More education among youth about HIV/AIDS
Jamaica has made good progress over the years towards ending the AIDS epidemic in our country. At present, 81 per cent of the estimated 1.8 per cent of people 15-49 years, or 29,260 people living with HIV, know their status. Most of the gains in reducing HIV prevalence have been in the general population, among sex workers (from over 14 per cent in the 1990s to 2.9 per cent at the end of 2014), and Mother-to-Child-Transmission (MTCT), which is less than two per cent.
The stellar work of many individuals, ministries, organisations and government agencies such as Jamaica AIDS Support for Life, Ministry of Health, J-FLAG, and ministries of Health and Education cannot go unnoticed in this regard.
However, notwithstanding these gains, reducing HIV prevalence among gay, bisexual and other men who have sex with men (MSM) remains a big challenge. But this is perhaps not a mammoth task when compared to the desperate need to begin to reach and provide more services to adolescents and youth who do not typically feature much in constructive discussions about the national HIV and AIDS response. Young people account for one in every three new infections worldwide. HIV prevalence among the general population of adolescent girls and boys is 0.4 per cent and 0.5 per cent, respectively; 14 per cent for men who have sex with men who are between 15 and 19 years and 27 per cent among adolescents 15-19 years who identify as transgender. In addition, HIV prevalence among young girls and boys 20-24 years is one per cent and 1.4 per cent, respectively.
There is clearly a lot of work that has to be done to halt and reverse the spread of HIV among our young people. Evidence shows that the main proximal factors driving the epidemic in Jamaica are insufficient condom use, high HIV rate among MSM, multiple sex partnerships, and unawareness of HIV status. The underlying factors driving the epidemic continue to be poverty, stigma and discrimination, gender inequity and gender roles and substance use.
At the end of 2012, low-risk heterosexual sex accounted for 15 per cent of all new infections, MSM - 30 per cent; casual heterosexual sex - 23 per cent; female partners of MSM - seven per cent and the partners of those who engage in casual heterosexual sex. The data for HIV prevalence among MSM show that adverse life events such as being raped, low literacy or jailed can impact quite drastically on HIV prevalence.
90-90-90 TARGET
Globally, stakeholders within the HIV and AIDS response are working assiduously to achieve the '90-90-90' targets to ensure: 1) 90 per cent of all people living with HIV will know their HIV status; 2) 90 per cent of all people with diagnosed HIV infection will receive sustained antiretroviral therapy; and 3) 90 per cent of all people receiving antiretroviral therapy will have viral suppression by year 2020. There is no doubt that we will achieve target one; however, it is clear that there is a great deal of work to be done to increase the percentage of people living with HIV on antiretroviral treatment from 38 per cent at the end of 2015 to 90 in the next five years. Similarly, more needs to be done by government and non-government actors to achieve viral suppression, which is currently 49 per cent.

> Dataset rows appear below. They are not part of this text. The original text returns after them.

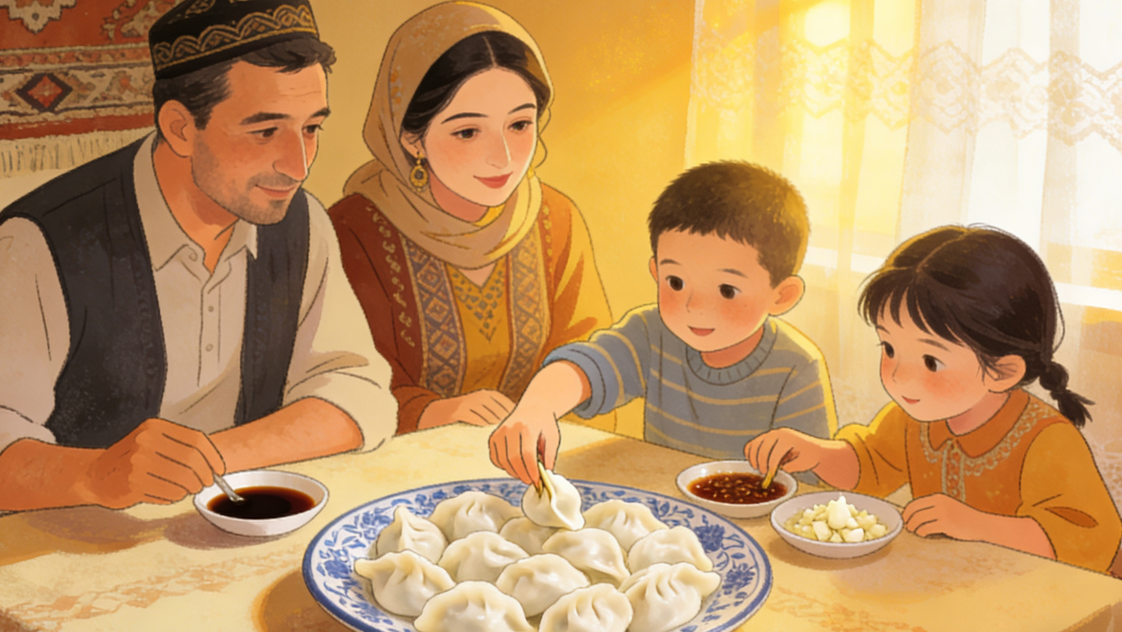 周四傍晚,暮色像化不開的墨,暈染了烏魯木齊的街巷。窗外的路燈次第亮起,暖黃的光透過窗紗,灑在餐桌的青花瓷盤上。我們一家人圍坐在一起,白胖的餃子在盤子里碼得整整齊齊,韭菜豬肉餡的香氣混著香醋和蒜泥的味道,絲絲縷縷鉆進(jìn)鼻腔。兒子伸手去夾餃子,女兒踮著腳尖夠醋碟,老伴笑著拍了拍他倆的手背,滿屋子都是熱熱鬧鬧的煙火氣。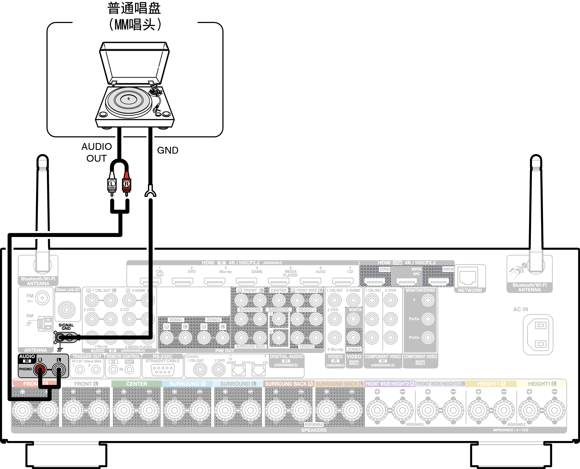 本机兼容配备Phono动磁(MM)唱头的电唱机。当连接至带有低输出动圈(MC)唱头的电唱机时,使用市售的动圈(MC)唱头放大器或升压变压器。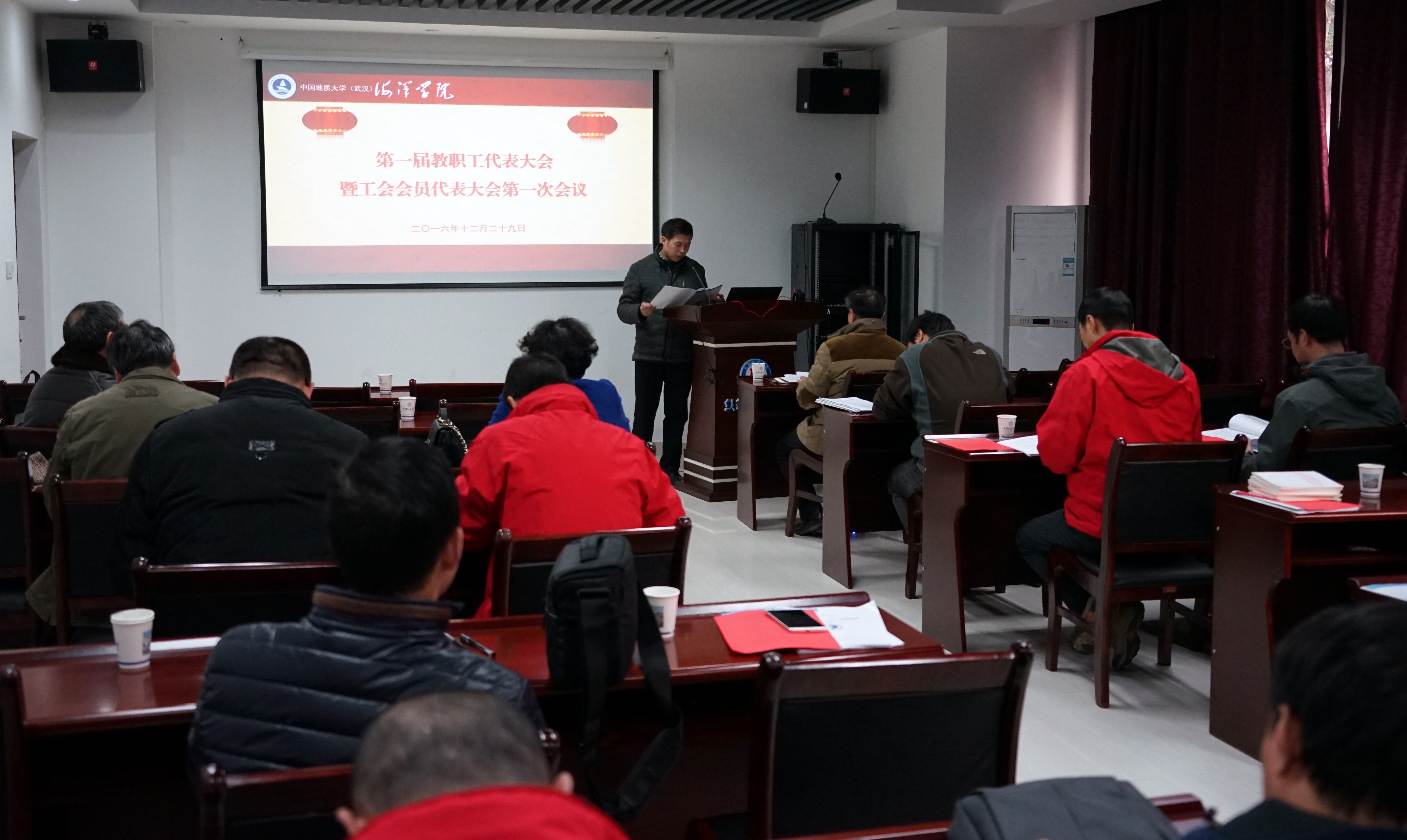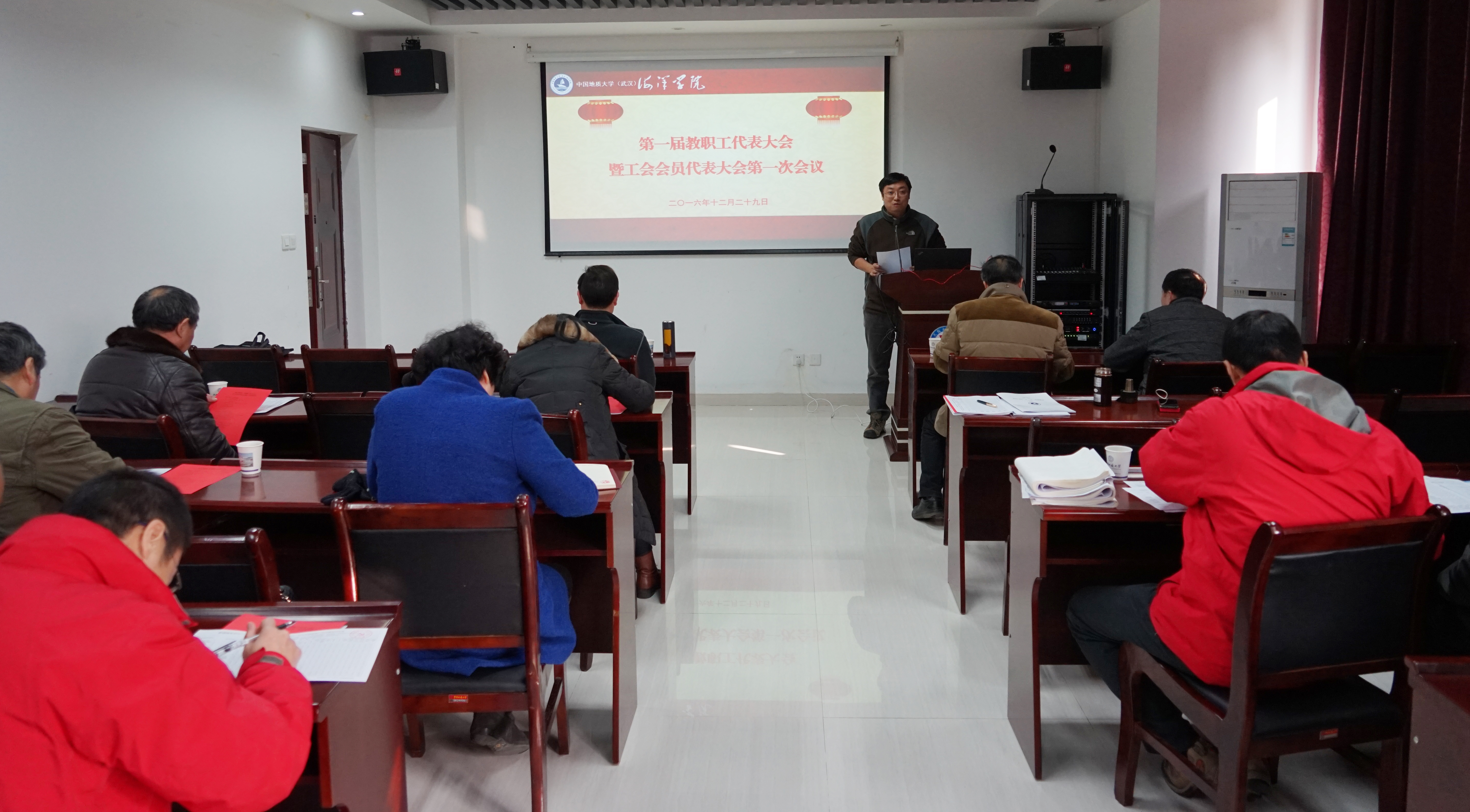 2016年12月29日,探花视频 (武汉)海洋学院第一届教职工大会第一次会议暨第一届工会会员大会第一次会议在校丝绸之路学院105室隆重开幕,会议由院党委书记解习农同志主持,副校长万祥清同志,工会副主席杨茜同志到会祝贺并致贺词。

Earlier this week, December 1, World AIDS Day was observed. Locally, we used the occasion to recommit ourselves and organisations to the mammoth/daunting tasks we have to do to reduce new infections, reduce stigma and discrimination, put and keep people on treatment, and reduce AIDS-related deaths.
We must, therefore, never forget that people living with and affected by HIV depend on us to:
1. Address the barriers that cause young people and key populations not to access or take up prevention and treatment services.
2. Enhance the training health-care workers/professionals get before and during service to ensure they are capacitated to provide psychosocial support to key populations.
3. Reduce stigma and discrimination in our health facilities, whether perpetrated by clients/patients or health-care workers.
4. Improve orientation training programmers at our health facilities so health-care workers are knowledgeable about the protocols and policies governing their work, human rights and other important aspects of their work.
5. Train health-care workers around effective communication.
6. Find innovative ways to encourage/
support adherence to antiretroviral treatment.
7. Remedy the link with laws and policies and their impact on vulnerability to HIV.
Let us never lose sight of the ambitious but achievable targets we have set for ourselves. We have done well over the years but much more is left to be done to end the AIDS epidemic in our country.